Refactoring is the part of code maintenance which doesn't fix bugs or add new functionality. Rather it is designed to improve the understandability of the code or change its structure and design, to make it easier for human maintenance in the future. In particular, adding new behavior to a program might be difficult with the program's given structure, so a developer might refactor it first to make easy, and then add the new behavior.

Refactoring is done as a separate step, to simplify testing. At the end of the refactoring, any change in behavior is clearly a bug and can be fixed separately from the problem of debugging the new behavior.

An example of a trivial refactoring is to change a variable name into something more meaningful, such as from a single letter 'i' to 'interestRate'. A more complex refactoring is to turn the code within an if block into a function. An even more complex refactoring is to replace an if conditional with polymorphism. While "cleaning up" code has happened for decades, the key insight in refactoring is to intentionally "clean up" code separately from adding new functionality, using a known catalogue of common useful refactoring methods, and then separately testing the code (knowing that any behavioral changes indicate a bug). The new aspect is explicitly wanting to improve an existing design without altering its intent or behavior.

Refactoring is an important aspect of extreme programming.

The book Refactoring [1] is the classic reference. Although refactoring code has been done informally for years, William F. Opdyke's 1993 PhD dissertation [4] is the first known paper to specifically examine refactoring. All of these resources provide a catalog of common methods for refactoring; a refactoring method has a description of how to apply the method and indicators for when you should (or should not) apply the method.

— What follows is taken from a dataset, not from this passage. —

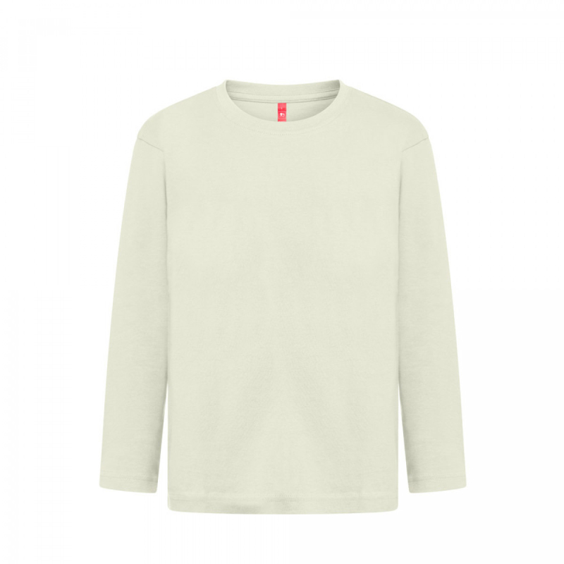 Dětské dlouhé tričko (150 g/m²) s enzymatickým ošetřením, z jerseyového úpletu (100% bavlna z udržitelného zemědělství). 1x1 žebrovaný límec s jerseyovým výztužným pásem. Tubulární tričko s klasickým střihem a dvojitým prošitím na rukávech a spodní části výrobku. Velikosti: 2, 4, 6, 8, 10, 12

Refactoring is such an important concept that it has been identified as one of the most important software innovations. (http://www.dwheeler.com/innovation)

Many refactorings are meant to cure the ills listed in [5].

Break down large functions

Functions that grow in use also grow in size. After a certain point, it becomes clear that functions can benefit from using functions themselves. Your eyes probe the function looking for a likely candidate to relocate elsewhere. This candidate is chosen for being the largest stretch of code that really has nothing to do with the enclosing function. This lets us easily think up a name that explains what the new function does without having to resort to something contrived just to distinguish it from the original function.

This section is originally from Perl Design Patterns Book

Refactoring other Text The term refactoring originated in computer programming, but the concept has also been applied when modifying any text.

To refactor text, in a WikiWiki, is to rewrite and often to reorganize the text completely or radically, sometimes dramatically shortening it, but in a way that preserves all the important, relevant content. In a WikiWiki, it is usually discussions that are refactored--with the purpose of making the discussion accessible to someone who is interested in the arguments made in the discussion, and the information to be gleaned from it, rather than the history of the discussion itself. Refactoring is critically important process in developing and maintaining the Wikipedia.

Obviously, refactoring is difficult to do in such a way that will make all participants in a discussion happy. It requires intelligence, tact, excellent reading comprehension skills, good writing skills, and a lack of bias.

Several good discussions are found at the WikiWeb at c2.org (http://c2.org).


For policy on refactoring in Wikipedia, see editing policy. In the context of Wikipedia, usually talk pages are refactored, but occasionally, when an article has been developed in a particularly haphazard way, it needs to be changed so radically that the resulting change can be called a refactoring.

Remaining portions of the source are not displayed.